Aim of the task:
The listing below should be printed exactly, though its pictures must not be.

Dataset section:

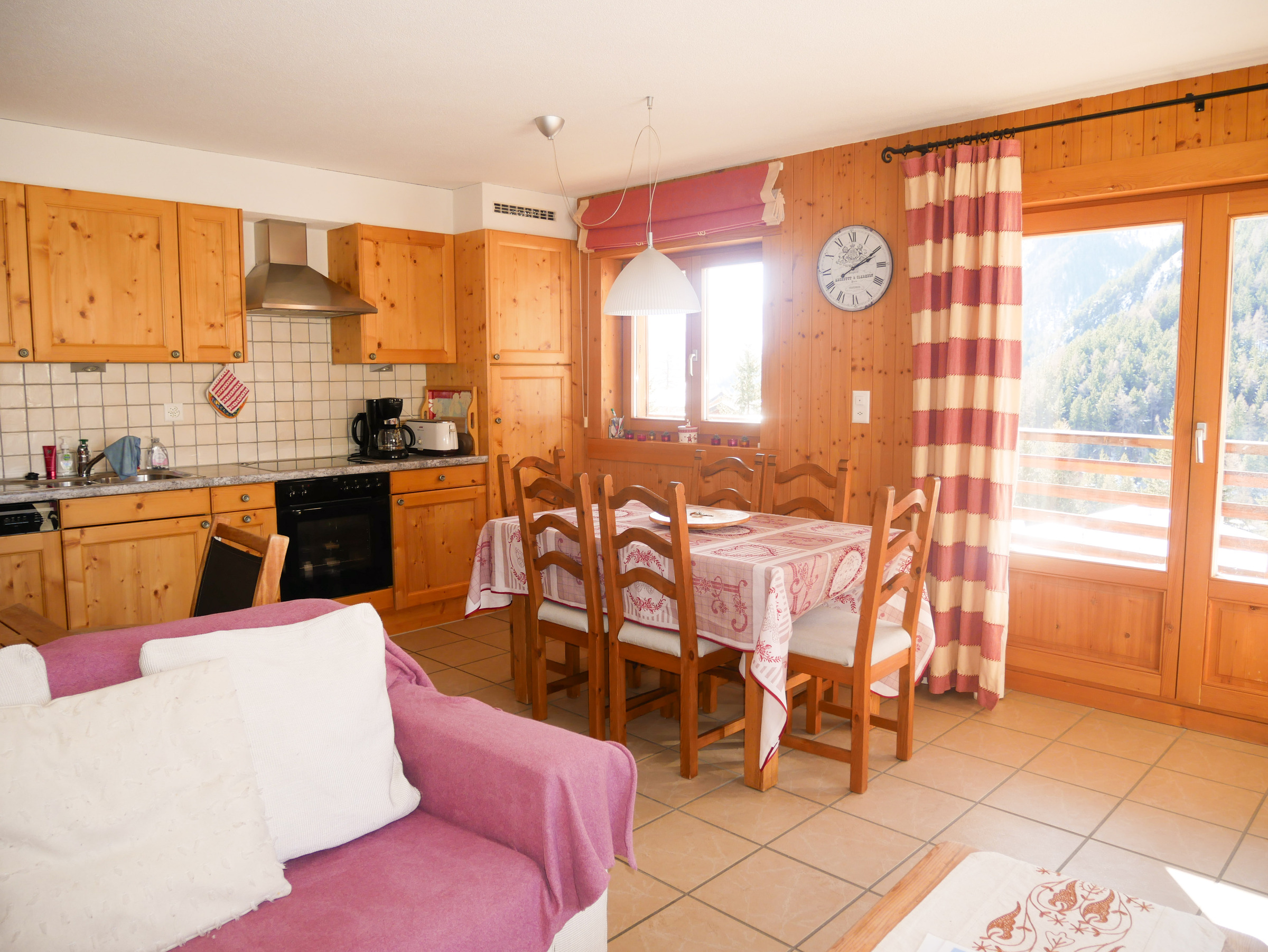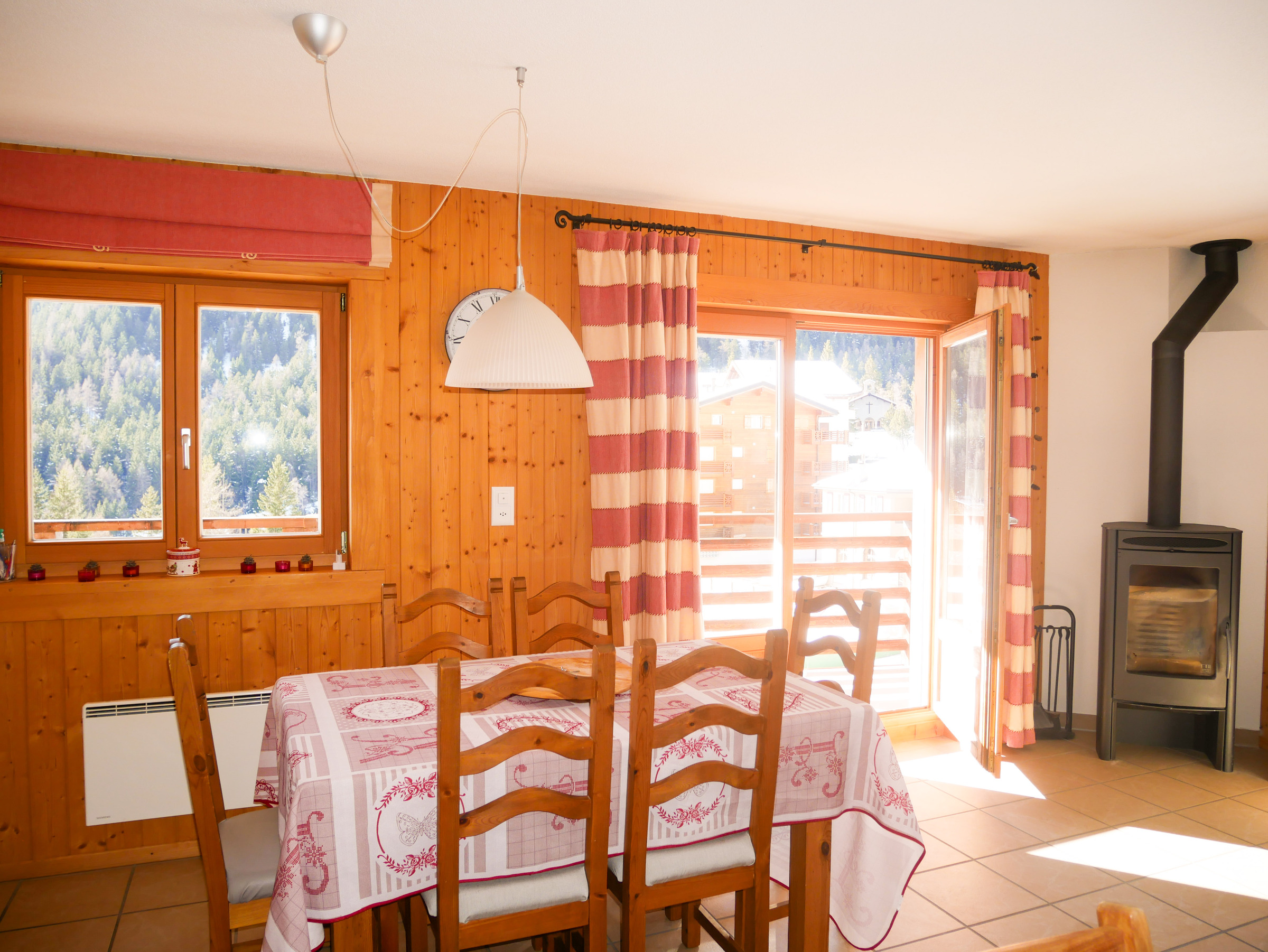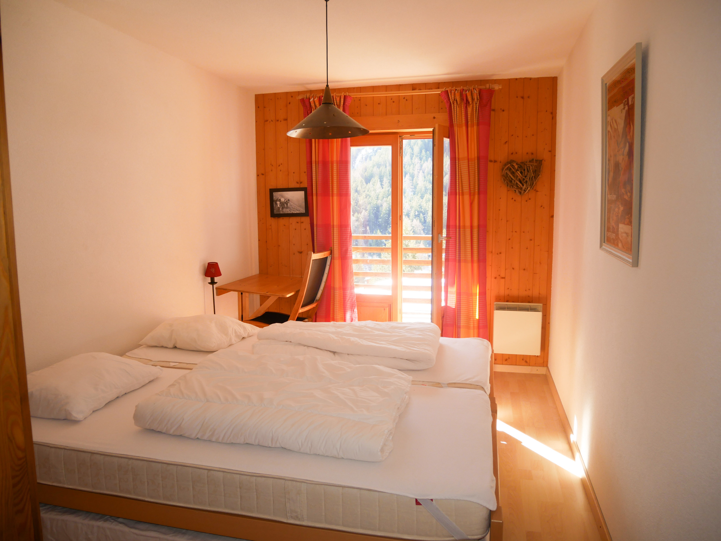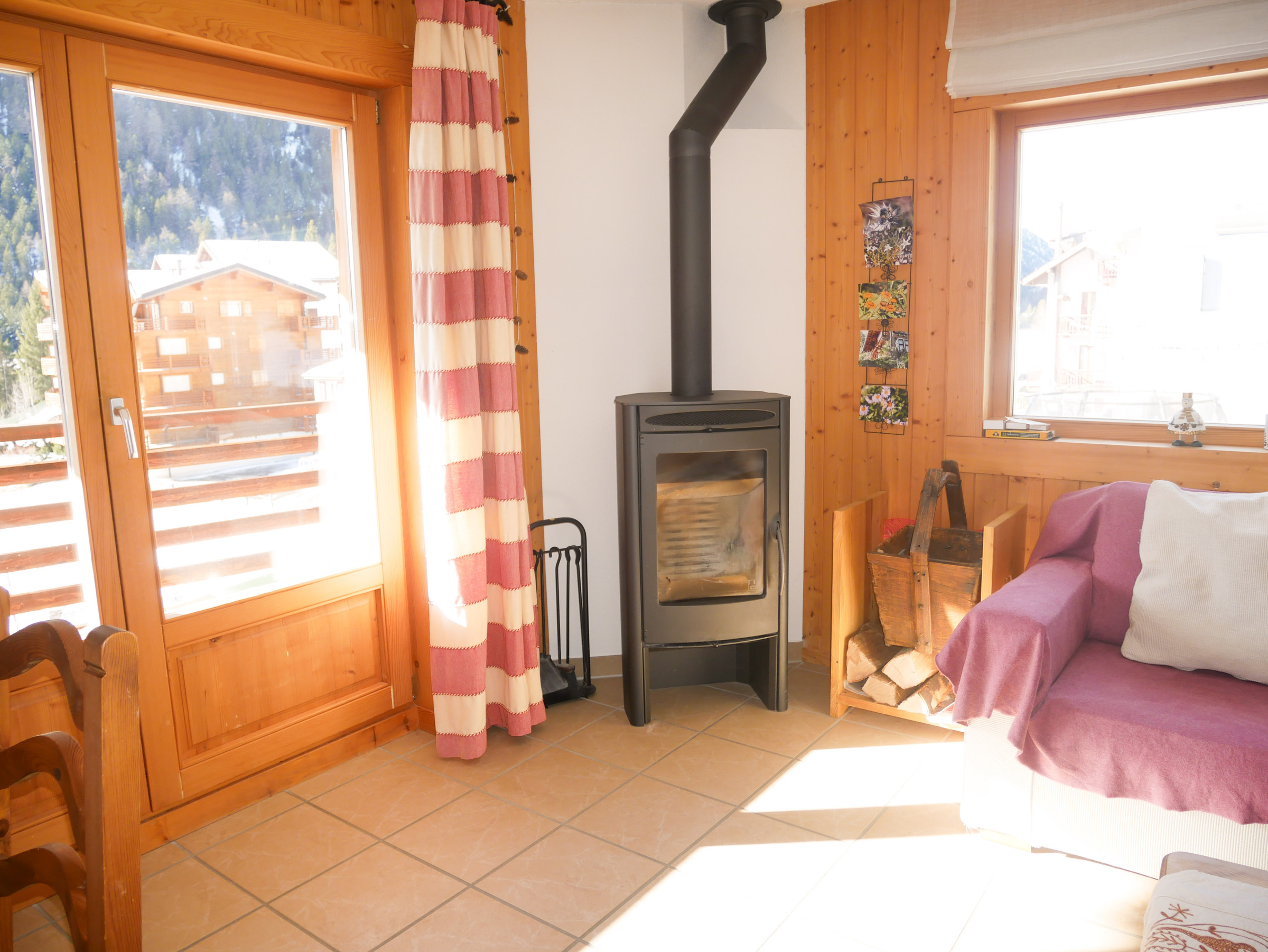 Angenehme, sehr helle 3,5-Zimmer-Wohnung im ersten Stock eines Chalets mit 6 Wohnungen. Eingang, ein großes Wohnzimmer mit offenem Wohnzimmer/Küche, Zugang zum Balkon, Fernseher, WLAN, Holzofen. 1 Toilette + 1 Badezimmer mit Dusche. Ein Schlafzimmer mit einem Doppelbett und ein Schlafzimmer mit zwei Einzelbetten. Perfekt für 4 Personen; Möglicherweise 5. Rauchen verboten. Unsere Tierfreunde sind auf Anfrage erlaubt. 1 - 2 kostenlose Außenparkplätze.
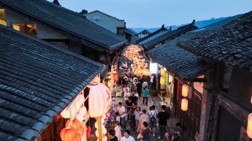 游客可提灯夜游,漫步于古镇的石板路上,也可在古镇内沿街逛吃逛吃打卡各种美食,快来松溉赴一场传统文化体验之旅吧。
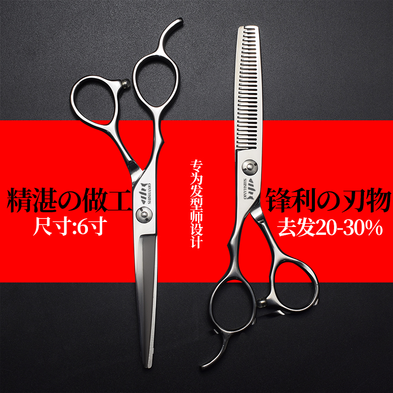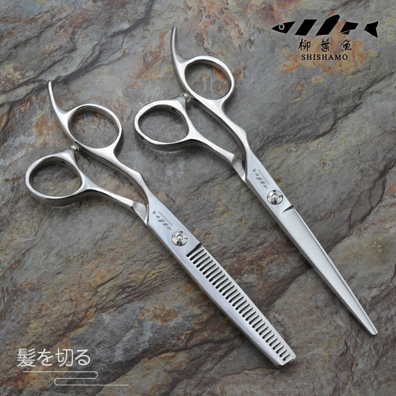Willow Leaf Fish Professional Left Hand Beauty Hair Scissors Haircut Scissors Suit Hairstylist Special Flat Cut Tooth Cut Suit

Solved problem:
 Angenehme, sehr helle 3,5-Zimmer-Wohnung im ersten Stock eines Chalets mit 6 Wohnungen. Eingang, ein großes Wohnzimmer mit offenem Wohnzimmer/Küche, Zugang zum Balkon, Fernseher, WLAN, Holzofen. 1 Toilette + 1 Badezimmer mit Dusche. Ein Schlafzimmer mit einem Doppelbett und ein Schlafzimmer mit zwei Einzelbetten. Perfekt für 4 Personen; Möglicherweise 5. Rauchen verboten. Unsere Tierfreunde sind auf Anfrage erlaubt. 1 - 2 kostenlose Außenparkplätze.
 游客可提灯夜游,漫步于古镇的石板路上,也可在古镇内沿街逛吃逛吃打卡各种美食,快来松溉赴一场传统文化体验之旅吧。
Willow Leaf Fish Professional Left Hand Beauty Hair Scissors Haircut Scissors Suit Hairstylist Special Flat Cut Tooth Cut Suit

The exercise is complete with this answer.